To find the current's speed in this problem, we must analyze how it affects the rower's journey in both directions.
The current's speed, denoted as \( c \), creates different effective speeds when rowing upstream and downstream.

• Upstream: The current works against the rower.
• Downstream: The current aids the rower.

When rowing upstream, the effective speed is the rower's speed minus the current's speed: \( r - c \). The problem states that this rowing takes 10 minutes to cover 500 feet, leading to the equation: \[10(r - c) = 500.\]After simplification, the impact of the current gives \( r - c = 50 \).
Similarly, downstream, the effective speed increases due to the current: \( r + c \). Here, 300 feet are covered in 5 minutes, with the equation:\[5(r + c) = 300.\]This simplifies to \( r + c = 60 \).
Computing these, we find the current's speed is 5 feet per minute.

Understanding rowing in still water means focusing purely on the rower's ability, unaffected by current forces.
This rate, represented by \( r \), reflects the rower's natural speed without any assistance or hindrance.

• When currents are present, they modify the effective speed.
• Two main contexts: moving against and with the current.
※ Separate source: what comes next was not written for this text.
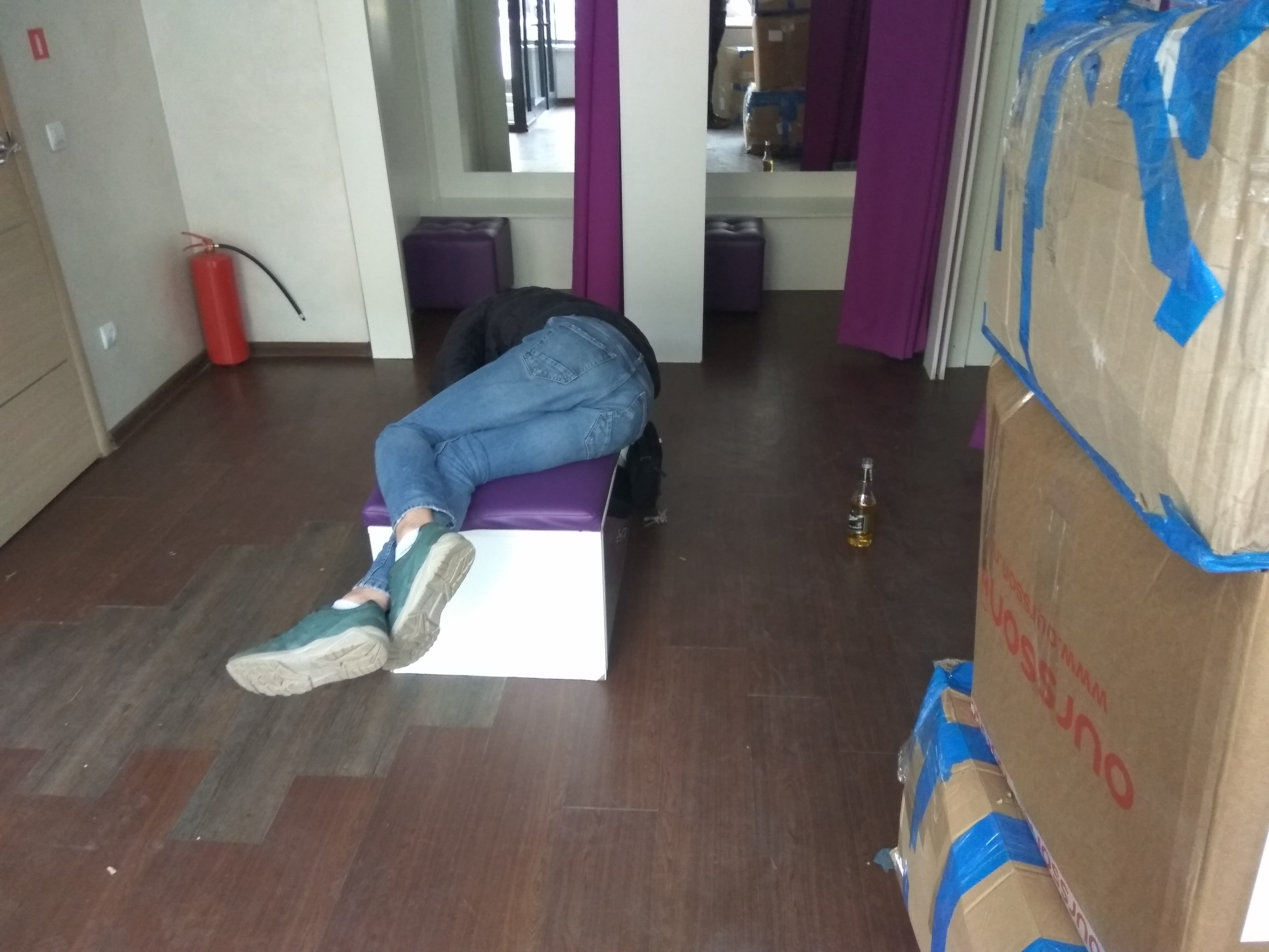 я тоже не поняла... Видела однажды ситуацию, когда человек фигней страдал - лёг просто в обувном на скамейку, пока ждал кого-то.

We use these real-world rowing scenarios to isolate how fast the rower would travel in ideal conditions.
By solving: \[ r - c = 50 \]\[ r + c = 60 \]By eliminating the variable \( c \), we sum both simplified equations, resulting in:\[ 2r = 110 \]and finding:\[ r = 55 \] feet per minute.
So, the rower would travel at 55 feet per minute in still water.

A system of equations, like the one in this problem, uses multiple equations to find unknown values.
Here, the purpose is to find both the rate of rowing in still water \( r \) and the current speed \( c \).

• Two equations were derived from rowing times and conditions.
• The technique of addition helps simplify and address two equations simultaneously.

The equations formed were based on the conditions:\[ r - c = 50 \]and\[ r + c = 60 \]By adding them, we can solve directly for \( r \):\[ 2r = 110 \]Solving for \( r \) gives the rowing speed in still water:\[ r = 55 \textrm{ feet per minute}\]Then, substituting \( r = 55 \) back into either equation, the current speed \( c \) can be calculated, specifically:\[ 55 - c = 50\]giving:\[ c = 5 \textrm{ feet per minute}\]Using simple arithmetic, this approach elegantly deciphers each variable's value, illustrating the power of solving systems of equations.